By Zamyia Tarrant, Resident Teacher
The blog Social Justice: Not Just Another Term for “Diversity” by Paul C. Gorski; from the website, the ACPA Commission for Social Justice Education, is an enlightening article about the opinions and thoughts of Paul C. Gorski on language and action connected to the social justice movement. In particular, the terms diversity and multiculturalism used to hold value and meaning that went hand in hand with the actions that spoke truth to what those words represented within the social justice work. Paul C. Gorski is an educator, activist, creative writer, and scholar whose life’s work is about social justice. In agreeing with Paul, there seems to be a double edge sword in regards to the advancement of awareness and acknowledgement of the social justice movement in the 21st century. More of our society recognizes that systems of oppression and injustice need to change. However, the other side to that coin lies within capitalizing on the same movement that is trying to deflect the institutionalization of diversity and social justice causes. In agreeing with Paul, I see more and more higher institutions selling car stickers and merchandise that represents the social justice movement and yet I see no real cause and effect from the sells themselves. Such as, donating part of the proceedings to creating programs within schools that are immersive within the social justice cause. Or partnerships with local businesses with educational institutions to create a coalition of active participants.
Language can be translucent, one word can hold different meanings at different times. Paul has recognized that and has witnessed the words “diversity”, “inclusion” and “equality” appropriated systematically within institutions, as he says “sprinkle them with glitter and feign the appearance of institutional change, the same way so many people use Safe Space stickers.” I believe there needs to be more done than just buying for the cause. That can be a good start and then the continuation of becoming aware and recognizing the changes that need to be accomplished through actual action. I see signs, posters, and t-shirts that recognize the change that needs to happen but then where does it go from there? Lastly, Paul concludes with a self-reflection on how he, as an active contributor for social change, can continue to raise awareness and at the same time, back those same objections with actions that reflect on the belief of making an actual change within the social justice movement. I myself, am beginning my journey for social change that first recognizes the work that needs to be done and finding the courage to make my convictions into reality.

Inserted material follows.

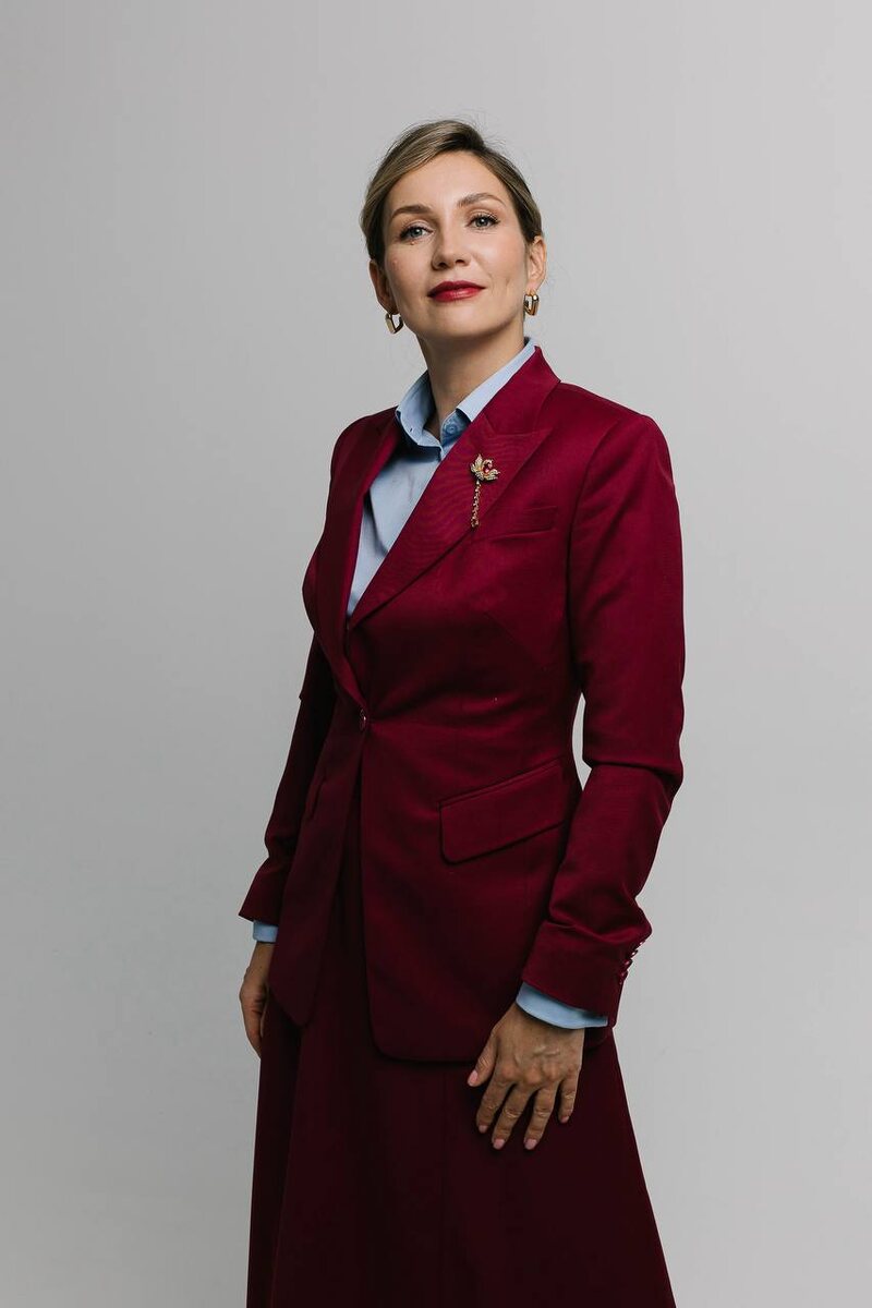 1. Костюм: Темно-серый или темно-синий, свободного кроя, с юбкой из тонкой шерсти – элегантность и профессионализм.

After reading the blog; “Meet Kakenya Ntaiya, who worked with her elders to found a school for girls in her Maasai village” written by Kate Torgovnick May from TEDtalks, had me thinking about how our world is constantly changing and evolving to express new ways of being while at the same time challenging the status quo. The blog focuses on a woman from Kenya named Kakenya Ntaiya who challenged the status quo within her village about the traditional roles for women. Such as get married and have children before the age of 12. Instead, she had a dream to become a teacher and open a school in her village for other girls to have the opportunity to continue their education and see where their interests take them. However, before Kakenya could continue her education in a college in America, she still had to go through the traditional ceremony of womanhood in her village. It was a painful procedure that had her heal for several weeks, and afterwards, she was able to attend Randolph Macon College in America. After attending graduate school, Kakenya had the opportunity to open her own school in her village named The Kakenya School of Excellence. Where girls from the village could attend and gain a good education for their future.
In the schooling realm there are a lot of different avenues to get an education, however there is not enough access to that education. Especially, within the specific context of cultures and regions around the world. This blog featured a region within Africa that has limited access to education and even more so within the female population. In Africa, women have a considerable amount of responsibility that they have to uphold, otherwise there would be serious consequences and or disgrace. Education is then pushed away to the side and girls become women at a fast pace. For Kakenya to open a school within her Maasai village shows how powerful her belief is about the importance of education is for everyone, including girls. Education has the power to change lives and even change ideas within traditional cultures. Passions can fuel change and progress and Kakenya showed that to be true.